Saturday, July 28, 2012

Fancy Dancer

Summer is pow wow season back home in Oklahoma and all over Indian Country....a great time to be with friends & family, children learn more about their tribal heritage, everyone can appreciate the amazing artistic skills used to create dance regalia (moccasins, feather bustles, hide & cloth dresses, shirts, leggings, pouches and more), enjoy fresh hot fry bread, and sometime shop for beads or other vendor merchandise. Young athletic men enjoy modern dances such as the Fancy Dance seen here...Postcrosser mmgray has a friend who does Fancy Dance, so this was a special card to send.

Tuesday, July 24, 2012

Canada's First Nations

this card celebrates some of the diversity of Canada's indigenous peoples, represented by coastal wood carvings, prairie/plains tipis used by Blackfeet & Sarsi, and modern cultural expressions such as the pow-wow held annually in Toronto.

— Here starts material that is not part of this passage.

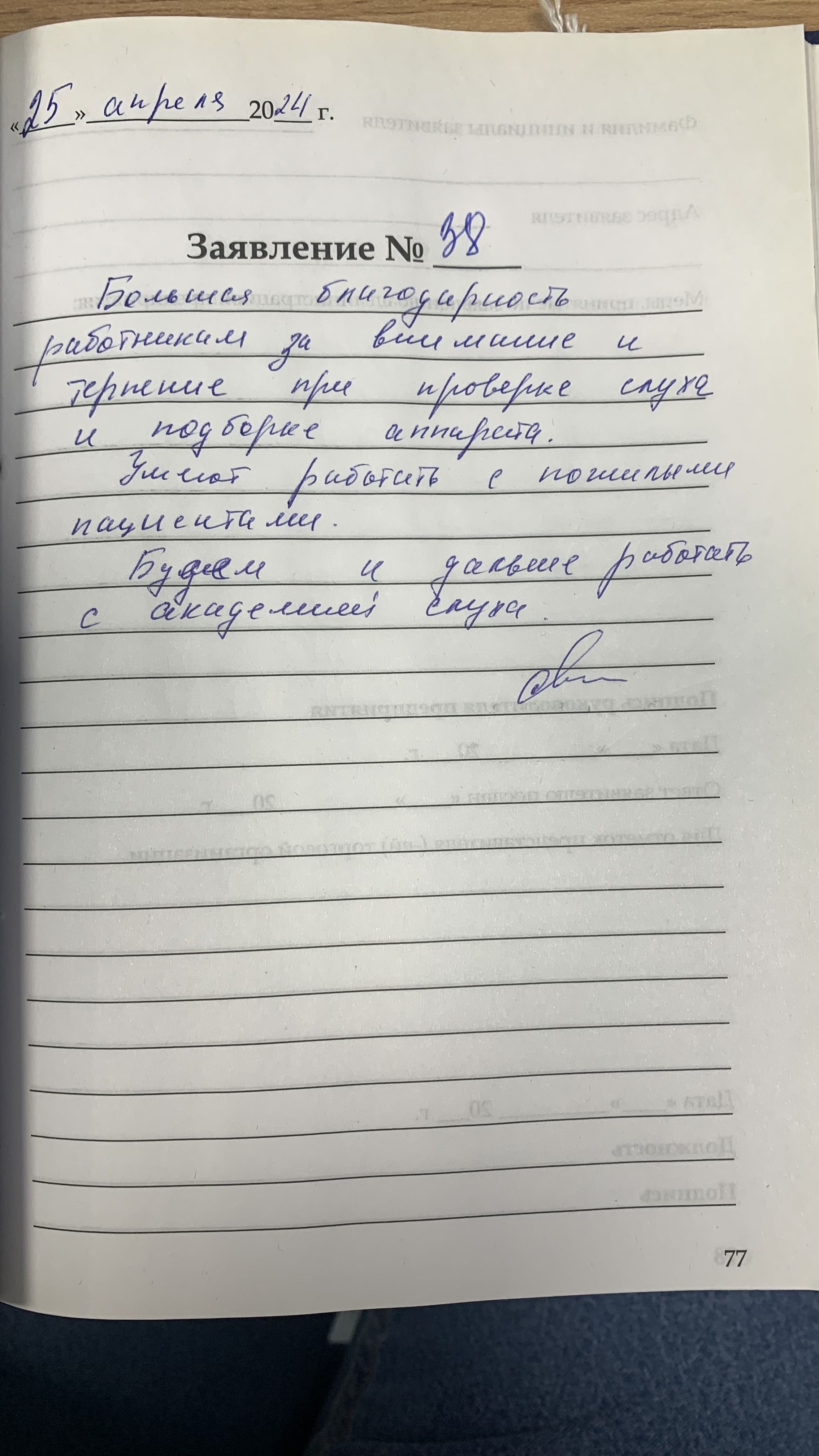 Благодарю коллектив за внимательное отношение ко мне. Настроили аппарат быстро и точно. Сейчас все слышу. Желаю здоровья всем.

The attached postage stamp features a cowboy's silver belt buckle, celebrating the Calgary Stampede. Thanks to Postcrosser cj23 for adding a fun card to my Canada collection!

Monday, July 23, 2012

Nitzitapi (Blackfoot)

Today's card was sent by an archaeologist in Canada and features a photo from the well known Glenbow Archives. Here 2 men of the Blackfeet nation conduct a ceremony on the prairie. Laura has a nice blog of her own featuring archaeology in First Day Covers, stamps and postcards...she sent this with stamps celebrating Inuit culture. She lives in an area rich in native culture, art and tourism so I look forward to more cards from her and continued conversations about our shared interests in anthropology!

View Laura's blog at:

Friday, July 13, 2012

Mississippian motiff

 decided to offer a slightly different post, one showing cards I have sent out instead of received! I found a stack of these offered on Ebay for super cheap (something like $.05 each) so I bought all of them, 150 total. I mailed a few out to friends, kept a few for exchanges, and sent the rest to a friend in Oklahoma who is a member of the Caddo tribe. She kept half and passed the rest on to the Caddo Tribal Museum. Hopefully they will both find a nice use for them, either selling or being mailed out to advertise their exhibits etc.
The design is identified as coming from a large marine shell (probably a conch traded up from the Gulf of Mexico, perhaps headed for Spiro Oklahoma) found in the University of Arkansas collection so there is a good chance it is associated with the Caddoan people during the Mississippian era, a highly developed social and artistic period that coincides with extensive farming and political organization. Postcards showing aspects of this Native American culture are not very common; all my friends were happy to receive them and its a nice addition to my own collection.

Thursday, July 12, 2012

Hudson Valley, New York

a NY State Museum postcard showing a diorama of native people butchering at a flint quarry. While the card text states they are "ice-age hunters" of 11,000 years ago the scene is more reminiscent of the late Archaic when glaciers had melted & receded from the far north, filling lakes, streams & marshes and providing rich vegetation for a complex ecosystem. Later this area would be home to Iroquoian peoples. My collection doesn't have many cards from the NE so this is a very nice addition!

Monday, July 2, 2012

Selk' nam

another great card from Hernan showing indigenous peoples from the southern regions of South America; these photos were probably made around 1900 just prior to their rapid decline from European disease. They may have lived in small family groups, hunting & gathering subsistence and living a fairly non-complex lifestyle.